Incredibly dirty R&B: gloriously filthy music from the 30s-50s

Glenn sez, "R&B music was pretty bawdy before its entered the era of white appropriation and radio play. Leah Reich, an ethnographer by training and a music lover and singer by love, takes a stroll through some of the filthiest, wonderful era before all this stuff was cleaned up. Tons of links to Youtube videos and other sources."
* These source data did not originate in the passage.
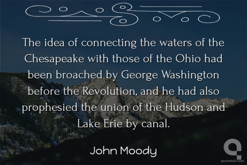 The idea of connecting the waters of the Chesapeake with those of the Ohio had been broached by George Washington before the Revolution, and he had also prophesied the union of the Hudson and Lake Erie by canal. John Moody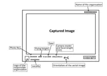 An aerial photograph marks different data and information about the covered area and the airplane's position and condition.[2] These details are measured and noted by the data panel which includes different devices and instruments for the specific measurements.[2] Figure 8 shows the general format of a vertical aerial photograph.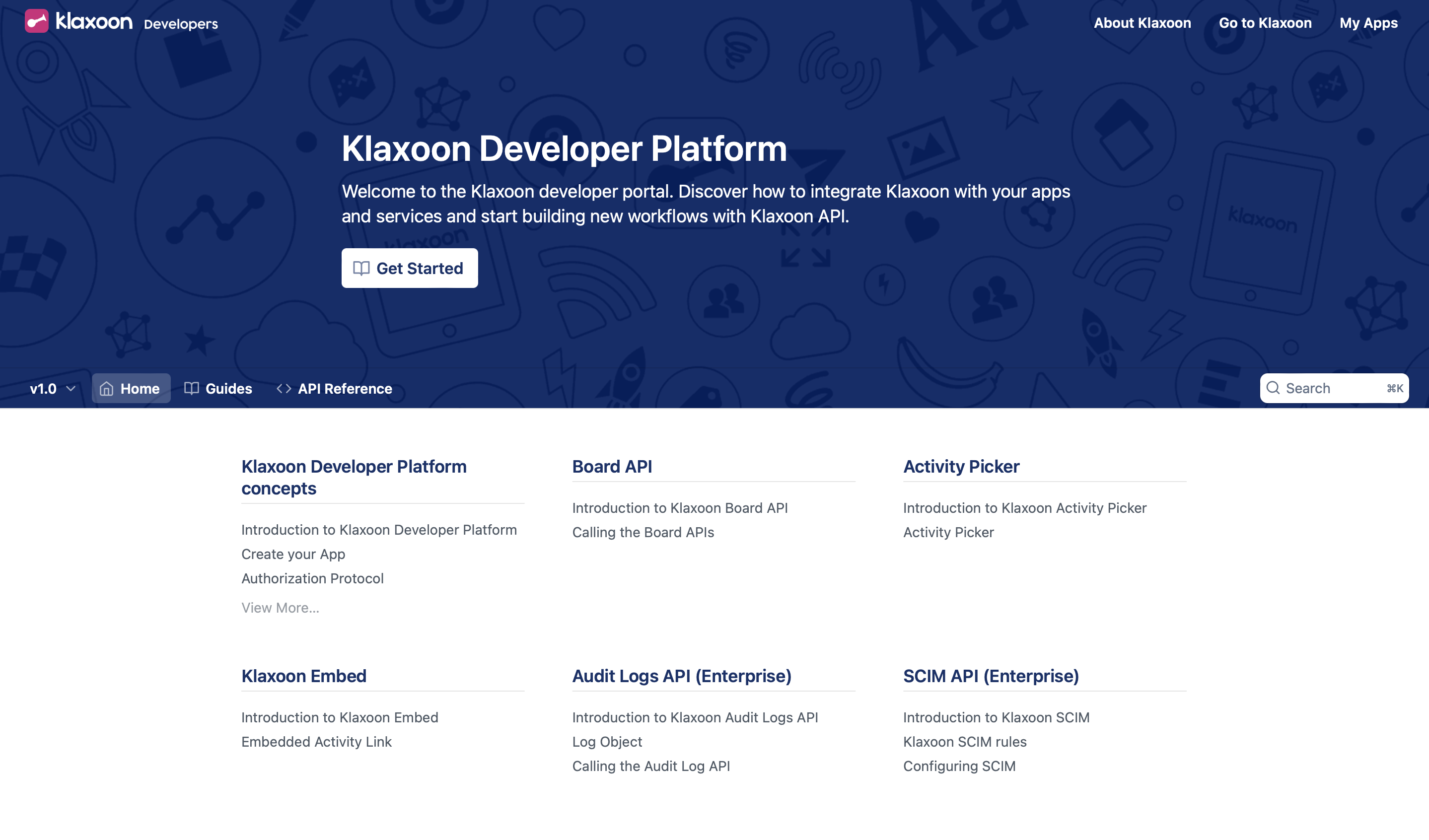 Vos applications et services peuvent désormais communiquer avec Klaxoon ! Retrouvez dans la Klaxoon Developer Platform toutes les informations nécessaires pour enregistrer vos applications et utiliser les APIs Klaxoon. Les possibilités sont infinies : collecter les journaux d'événements de votre organisation, lancer des activités Klaxoon directement depuis vos applications, gérer vos utilisateurs, connecter vos applications à Board...

Best of all, the filth didn’t come just from men. There was wonderful Julia Lee, with “My Man Stands Out,” “I Didn’t Like It the First Time,” and “Don’t Come Too Soon.” The inimitable Helen Humes has a live version of “I’m Gonna Let Him Ride” that’s as glorious for her singing as it is for the way the crowd roars her train on. The fascinating and captivating Nellie Lutcher sang “Hurry On Down.” And of course, there’s the magnificent Dinah Washington singing some of my favorites from the era, “Long John Blues” and “Big Long Slidin’ Thing.”

In fact, one of the most notoriously salacious songs — so raunchy I’ve had otherwise unflappable male friends tell me to turn it off when I played it for them in the car — was an early blues song recorded by Bessie Jackson, also known as Lucille Bogan. She sang many dirty blues songs, long before R&B and jump blues came on the scene, but none so raw as “Shave ’Em Dry II.” I won’t ruin the surprise for anyone who hasn’t heard it.
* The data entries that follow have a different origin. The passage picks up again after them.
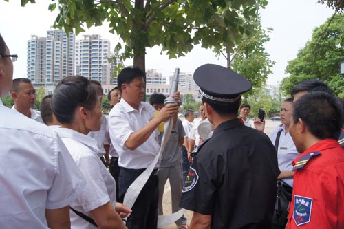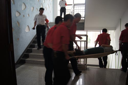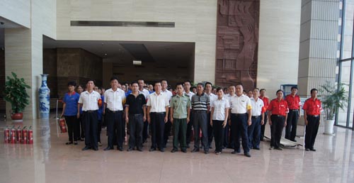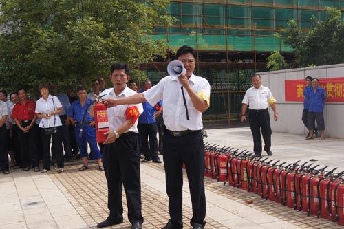 2013年7月22、27日,公司領(lǐng)導(dǎo)和各部門、各管理項目負(fù)責(zé)人及秩序維護(hù)班隊長、水電工約100余人參加了在贛州市歷史文化和城市建設(shè)博物館舉辦的消防安全演習(xí)。演習(xí)項目有模擬火災(zāi)現(xiàn)場中的緊急疏散、火災(zāi)逃生、醫(yī)療救護(hù)等項目,并有專人指導(dǎo)大家正確使用滅火器、室外消防栓的連接和使用等。上午9時,在火災(zāi)現(xiàn)場總指揮張衛(wèi)東副總經(jīng)理的指揮下,秩序維護(hù)員發(fā)出火警報警信號。各演練工作組在聽到指令后,迅速到位,參加演練的義務(wù)消防員和工作人員全部佩戴消防演習(xí)標(biāo)識,在最短的時間內(nèi),進(jìn)入展示廳、樓梯間及安全出口處,疏散組、救護(hù)組、滅火組通過口令加手勢,指揮員工從指定路線進(jìn)行有秩序地疏散,將現(xiàn)場所有人員,快捷有序地疏散到安全地帶。扮演群眾演員的公司管理人員在疏散組的指揮下從起火的樓層中手捂口鼻,俯身逃生;救護(hù)組成員抬著擔(dān)架上的受傷人員迅速從火災(zāi)現(xiàn)場撤離;滅火組成員手提滅火器迅速沖往起火點,消防演練按照預(yù)定的方案,有序、緊張地進(jìn)行。這一切,雖然都是模擬火災(zāi)中可能發(fā)生的現(xiàn)場,但是,參加人員認(rèn)真莊重的態(tài)度使演練更顯逼真。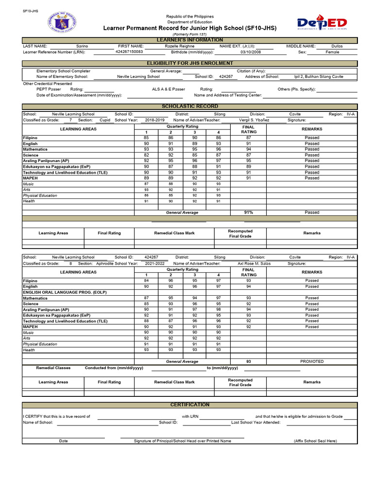 Learner Permanent Record for Junior High School (SF10-JHS)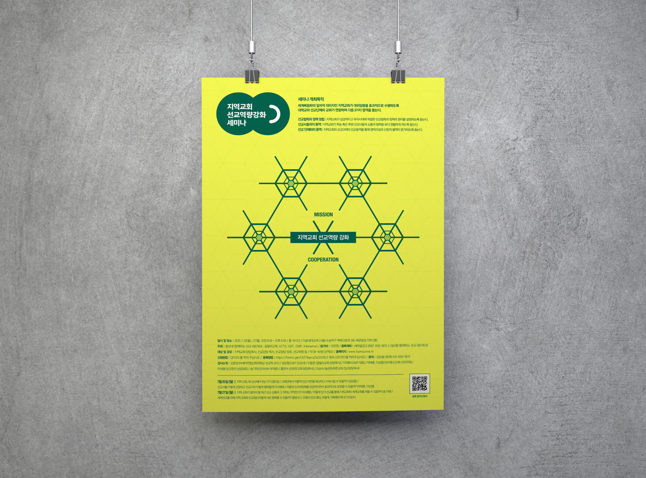 지역교회와 선교단체의 만남을 통해서 선교역량을 강화하고자 하는 목적에서 열린 세미나 홍보 포스터이다. 물이 가지는 유연함과 건강한 물 안에서 보여지는 결정체를 네트워크라는 컨셉과 결합해 보았다.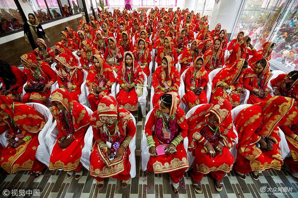 當(dāng)?shù)貢r間2018年3月4日,印度艾哈邁達(dá)巴德,約200對穆斯林夫妻舉行集體婚禮,新娘們正等待著婚禮宣誓儀式。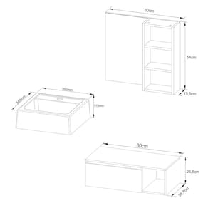 O Kit para Banheiro é a escolha ideal para dar um toque de elegância e organização ao seu espaço. Com um design contemporâneo, ele transforma o ambiente em um local mais convidativo e prático. Fabricado com materiais de alta qualidade, o kit oferece durabilidade e um visual sofisticado, tornando seu banheiro ainda mais funcional e bonito. CARACTERÍSTICAS TÉCNICAS: - Produzida em MDP de 15 mm - Acabamento UV na cor Amendôa - Acompanha Espelho - Cuba em Mármore Sintético - Porta Basculante com Dobradiça e Articulador - Balcão Suspenso - Puxador tipo Cava *Kit Composto por Gabinete Suspenso (3601), Espelheira (3609) e Cuba (3630) INFORMAÇÕES TÉCNICAS: 3601: Alt. 26,5 x Larg. 80 x Prof. 38,7 cm P. 10,8 kg 3609: Alt. 54 cm x Larg. 60 cm x Prof. 15,6 x P. 7,65 kg 3630: Alt. 11,5 x Larg. 35 x Prof. 34 cm P. 5,5 kg INFORMAÇÕES ADICIONAIS: - ATENÇÃO: Não trabalhamos e não nos responsabilizamos pela montagem do móvel. Antes da montagem conferir se o produto está de acordo com o que comprou, produto montado e danificado pela montagem não será aceito troca. Montagem e instalação por conta do comprador. - As imagens ambientadas são meramente ilustrativas e podem apresentar itens que não compõe o produto. As cores do produto podem variar de acordo com o monitor, a iluminação do ambiente ou sua percepção visual. - Limpeza: Deve ser feita com pano macio e seco ou levemente umedecido com água e sabão neutro. Não devem ser utilizados abrasivos como palha de aço e objetos cortantes. -Garantia para defeitos de fabricação conforme Código de Defesa do Consumidor.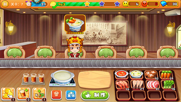 4、通过满足顾客要求,制作出色香味俱全的火锅,提升玩家的经营乐趣。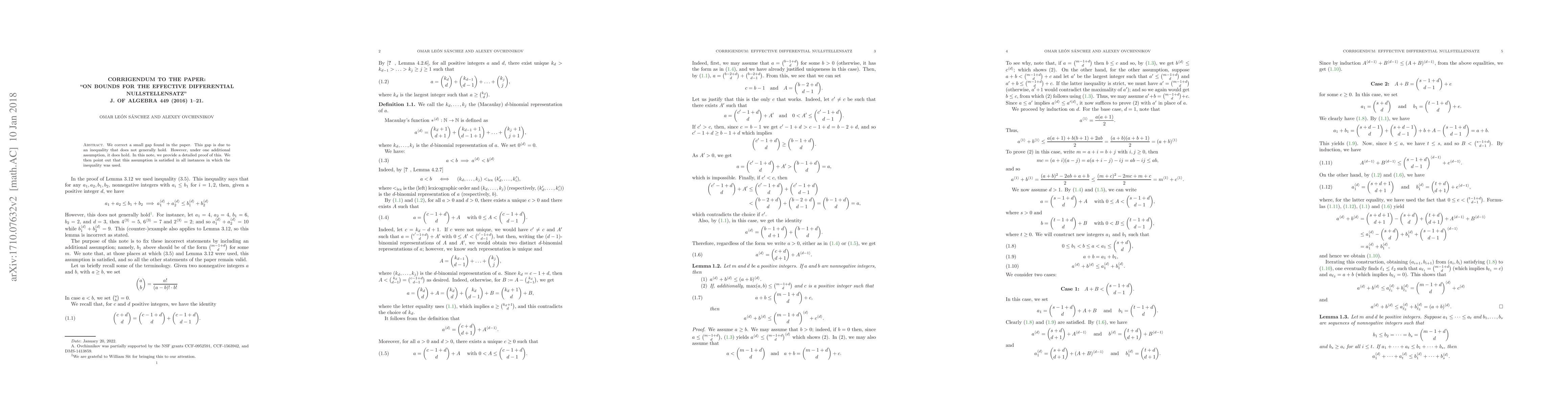 We correct a small gap found in the authors' paper 'On bounds for the effective differential Nullstellensatz' (J Algebra 449:1-21, 2016). This gap is due to an inequality that does not generally hold. However, under one additional assumption, it does hold. In this note, we provide a detailed proof of this. We then point out that this assumption is satisfied in all instances in which the inequality was used.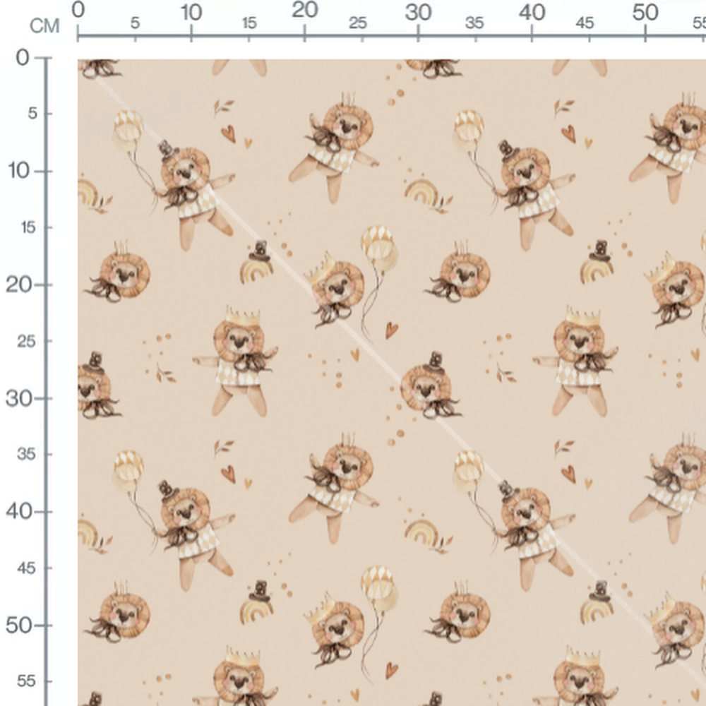 Les lions portent des vêtements à motifs géométriques. Les ballons sont décorés de motifs en losange. Des arcs-en-ciel et des feuilles complètent le motif.Les tissus

Dirty R&B [Leah Reich/The Magazine]

Notable Replies

  1. 50's? Shave em Dry was recorded in 1935, as far as I know. Bogan was dead by '48.
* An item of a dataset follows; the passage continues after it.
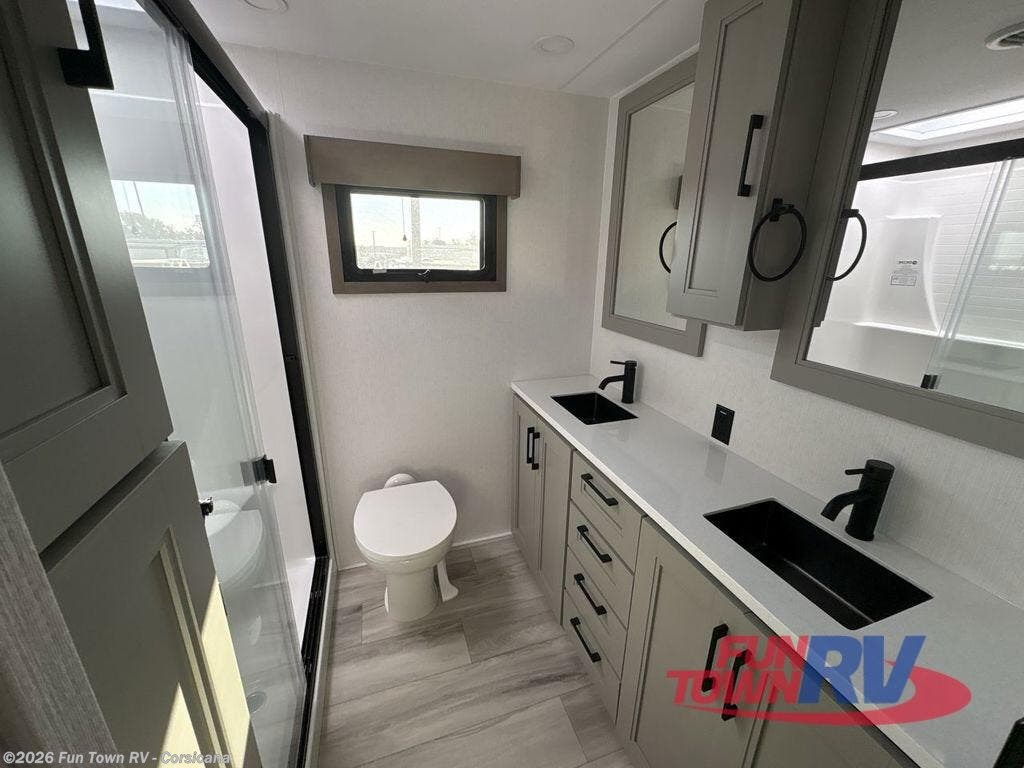 Experience the pinnacle of luxury fifth-wheel living! Retreat to the serene bedroom, featuring an electric tilt king bed with drawers under the bed, a spacious wardrobe, and washer/dryer prep. Enjoy entertainment on the 39” Smart LED TV and ample storage in the dresser. The gourmet kitchen is equipped with a pantry, 26 cu. refrigerator, convection microwave, and sliding table/desk for effortless dining and work-from-home convenience. The living room is a haven of relaxation, boasting a stunning 65” Smart LED TV, warm fireplace, theater seating, and double hide-a-bed sofas ideal for hosting guests with ease. Unwind in style in the full bathroom, featuring a dual sink vanity and ample storage. Also, enjoy the convenience of two entry/two exit doors. This fifth wheel is a masterpiece of comfort, style, and functionality, perfect for full-time living.

  2. Yeah thats definitely 30s from the sound and thats yeah... a bit more to the point than Bessie Smith.

  3. Let's not forget the Asylum Stree Spanker's reprise of Lucille's Shave 'Em Dry

    And their other work in the same oeuvre:


  4. I miss the Spankers, sigh.

  5. This is new to me, and glorious.

    Is her second line, "I got something between my legs that will make a dead man cum"...was that echoed by the Rolling Stones at the end of Start Me Up? EDIT TO ADD: the internet has already noted this. Short hop from Bawdy Blues to Corproate Jingle.

    ((I bring this up as someone who for a long time didn't know that the Beatles had borrowed "Here come ol' flattop" from Chuck Berry.))

    And, given this is a @doctorow thread, the repeated echos of remix culture across time seems on-topic. And a wonderful thing.